## NPTEL Deep Learning – IIT Ropar Week 2 Assignment Answers 2024

1. How many boolean functions can be designed for 3 inputs?

- 8
- 16
- 256
- 64

Answer :- c

2. How many weights does a neural network have if it consists of an input layer with 2 neurons, three hidden layers each with 4 neurons, and an output layer with 2 neurons? Assume there are no bias terms in the network.

Answer :-Click Here

3. A function f(x) is approximated using 250 tower functions.
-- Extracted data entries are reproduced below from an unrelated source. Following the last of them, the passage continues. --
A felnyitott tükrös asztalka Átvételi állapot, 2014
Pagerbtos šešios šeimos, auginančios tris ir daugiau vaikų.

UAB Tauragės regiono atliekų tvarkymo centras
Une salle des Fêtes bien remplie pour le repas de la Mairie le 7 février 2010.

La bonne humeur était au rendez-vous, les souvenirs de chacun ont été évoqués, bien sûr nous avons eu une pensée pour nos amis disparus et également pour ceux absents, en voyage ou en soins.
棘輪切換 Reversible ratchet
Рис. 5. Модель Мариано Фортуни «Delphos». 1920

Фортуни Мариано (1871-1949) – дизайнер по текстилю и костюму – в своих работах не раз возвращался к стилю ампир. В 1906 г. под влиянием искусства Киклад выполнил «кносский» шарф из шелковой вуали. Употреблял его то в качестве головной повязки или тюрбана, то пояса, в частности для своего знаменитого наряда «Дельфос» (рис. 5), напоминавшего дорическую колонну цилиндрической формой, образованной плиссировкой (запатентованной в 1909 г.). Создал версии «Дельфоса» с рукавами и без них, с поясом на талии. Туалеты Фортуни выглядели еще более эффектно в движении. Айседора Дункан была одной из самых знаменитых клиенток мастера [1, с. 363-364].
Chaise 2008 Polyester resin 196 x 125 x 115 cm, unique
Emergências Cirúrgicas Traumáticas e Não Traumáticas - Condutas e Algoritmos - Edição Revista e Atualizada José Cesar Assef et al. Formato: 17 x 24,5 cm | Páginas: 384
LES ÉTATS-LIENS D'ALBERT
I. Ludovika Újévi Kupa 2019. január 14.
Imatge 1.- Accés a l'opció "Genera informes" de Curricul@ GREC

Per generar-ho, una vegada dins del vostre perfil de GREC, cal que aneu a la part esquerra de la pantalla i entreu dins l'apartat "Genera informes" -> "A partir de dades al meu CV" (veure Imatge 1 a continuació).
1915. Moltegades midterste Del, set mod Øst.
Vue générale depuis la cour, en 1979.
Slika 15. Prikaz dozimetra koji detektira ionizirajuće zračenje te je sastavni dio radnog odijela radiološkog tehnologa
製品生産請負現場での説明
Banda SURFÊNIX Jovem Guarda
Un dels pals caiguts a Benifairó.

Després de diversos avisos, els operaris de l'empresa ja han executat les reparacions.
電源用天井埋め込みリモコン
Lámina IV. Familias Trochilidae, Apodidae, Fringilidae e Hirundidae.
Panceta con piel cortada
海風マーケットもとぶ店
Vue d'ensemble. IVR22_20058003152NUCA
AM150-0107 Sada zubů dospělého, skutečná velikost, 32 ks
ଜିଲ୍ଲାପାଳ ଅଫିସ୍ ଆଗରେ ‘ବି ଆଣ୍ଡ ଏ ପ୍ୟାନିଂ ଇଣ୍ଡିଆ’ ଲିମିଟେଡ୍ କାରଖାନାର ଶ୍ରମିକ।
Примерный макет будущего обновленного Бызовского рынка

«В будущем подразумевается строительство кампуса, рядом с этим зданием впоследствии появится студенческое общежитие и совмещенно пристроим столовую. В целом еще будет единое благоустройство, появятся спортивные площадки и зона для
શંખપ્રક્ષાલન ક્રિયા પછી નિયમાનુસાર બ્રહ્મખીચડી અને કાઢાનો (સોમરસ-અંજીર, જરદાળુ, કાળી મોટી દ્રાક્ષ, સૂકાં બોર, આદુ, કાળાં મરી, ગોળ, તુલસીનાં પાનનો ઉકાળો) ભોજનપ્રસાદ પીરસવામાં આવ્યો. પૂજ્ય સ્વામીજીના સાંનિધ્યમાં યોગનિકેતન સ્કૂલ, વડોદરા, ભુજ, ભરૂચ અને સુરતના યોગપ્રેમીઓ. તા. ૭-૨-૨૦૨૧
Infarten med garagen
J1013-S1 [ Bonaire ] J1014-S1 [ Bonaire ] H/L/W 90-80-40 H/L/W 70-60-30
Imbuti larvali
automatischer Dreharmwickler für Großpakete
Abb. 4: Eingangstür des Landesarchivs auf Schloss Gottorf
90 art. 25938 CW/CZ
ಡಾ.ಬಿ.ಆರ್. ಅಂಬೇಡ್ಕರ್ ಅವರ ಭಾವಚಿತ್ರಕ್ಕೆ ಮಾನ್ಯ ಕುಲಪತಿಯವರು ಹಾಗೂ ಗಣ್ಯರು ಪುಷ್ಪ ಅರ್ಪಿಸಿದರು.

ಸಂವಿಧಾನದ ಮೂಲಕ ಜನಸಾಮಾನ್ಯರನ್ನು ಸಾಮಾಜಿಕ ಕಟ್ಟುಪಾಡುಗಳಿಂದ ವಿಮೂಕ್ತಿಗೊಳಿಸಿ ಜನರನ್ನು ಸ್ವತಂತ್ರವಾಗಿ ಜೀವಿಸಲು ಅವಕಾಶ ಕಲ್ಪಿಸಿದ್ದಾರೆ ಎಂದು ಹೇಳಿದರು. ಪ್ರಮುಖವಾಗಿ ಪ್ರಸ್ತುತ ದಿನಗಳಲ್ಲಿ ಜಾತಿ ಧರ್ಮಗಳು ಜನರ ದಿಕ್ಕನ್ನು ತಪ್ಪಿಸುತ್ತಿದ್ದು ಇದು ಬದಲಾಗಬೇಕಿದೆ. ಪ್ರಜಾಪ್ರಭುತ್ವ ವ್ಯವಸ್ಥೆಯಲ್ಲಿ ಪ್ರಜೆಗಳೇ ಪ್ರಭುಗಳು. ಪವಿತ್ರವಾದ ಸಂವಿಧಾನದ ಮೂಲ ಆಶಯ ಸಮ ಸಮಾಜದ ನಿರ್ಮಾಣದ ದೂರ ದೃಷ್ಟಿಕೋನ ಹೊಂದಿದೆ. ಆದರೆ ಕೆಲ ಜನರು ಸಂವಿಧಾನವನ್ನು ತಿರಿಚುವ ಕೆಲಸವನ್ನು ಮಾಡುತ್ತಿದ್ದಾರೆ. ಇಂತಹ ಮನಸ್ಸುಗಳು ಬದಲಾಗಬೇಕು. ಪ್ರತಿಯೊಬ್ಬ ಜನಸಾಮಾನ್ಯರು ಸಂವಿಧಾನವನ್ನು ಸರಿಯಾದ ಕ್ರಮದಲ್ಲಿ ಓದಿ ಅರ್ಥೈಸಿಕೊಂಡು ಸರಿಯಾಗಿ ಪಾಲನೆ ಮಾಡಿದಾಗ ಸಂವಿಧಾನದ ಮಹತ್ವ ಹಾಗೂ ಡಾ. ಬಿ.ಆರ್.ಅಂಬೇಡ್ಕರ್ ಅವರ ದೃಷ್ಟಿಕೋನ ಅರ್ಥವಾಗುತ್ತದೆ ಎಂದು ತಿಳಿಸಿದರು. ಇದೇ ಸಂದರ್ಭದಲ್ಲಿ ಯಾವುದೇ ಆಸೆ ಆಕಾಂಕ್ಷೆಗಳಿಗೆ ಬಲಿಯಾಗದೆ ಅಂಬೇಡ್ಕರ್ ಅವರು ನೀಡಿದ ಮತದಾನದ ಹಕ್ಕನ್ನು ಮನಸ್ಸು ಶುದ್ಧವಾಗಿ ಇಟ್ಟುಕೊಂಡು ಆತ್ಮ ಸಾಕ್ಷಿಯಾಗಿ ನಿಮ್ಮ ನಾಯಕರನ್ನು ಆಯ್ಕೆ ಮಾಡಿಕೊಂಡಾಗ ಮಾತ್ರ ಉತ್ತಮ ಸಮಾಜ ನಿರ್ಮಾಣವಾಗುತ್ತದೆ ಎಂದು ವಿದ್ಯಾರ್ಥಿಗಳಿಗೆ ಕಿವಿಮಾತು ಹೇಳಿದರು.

What is the minimum number of neurons required to construct the network that approximates the function?

- 250
- 249
- 251
- 500
- 750
- 501

Answer :-Click Here

4. Given the following input values to a sigmoid neuron: x1:0.72,x2:0.49,x3:0.08,x4:0.53,andx5:0.27

, what labels will the sigmoid neuron predict for these inputs? (Answer in sequence from x1

to x5).

- [0, 1, 1, 1, 1]
- [1, 0, 0, 1, 0]
- [0, 1, 0, 1, 0]
- [1, 1, 0, 1, 0]

Answer :-

5. How many boolean functions can be designed for 4 inputs?

- 65,536
- 8
- 256
- 64

Answer :-

6. We have a function that we want to approximate using 150 rectangles (towers). How many neurons are required to construct the required network?

- 301
- 451
- 150
- 500

Answer :-

7. What happens to the output of the sigmoid function as |x| becomes very large for input x?Select all relevant operations

- The output approaches 0.5
- The output approaches 1.
- The output oscillates between 0 and 1.
- The output approaches 0.

Answer :-Click Here

8. We have a classification problem with labels 0 and 1. We train a logistic model and find out that ω_{0}

learned by our model is -17. We are to predict the label of a new test point x using this trained model. If ωTx=1, which of the following statements is True?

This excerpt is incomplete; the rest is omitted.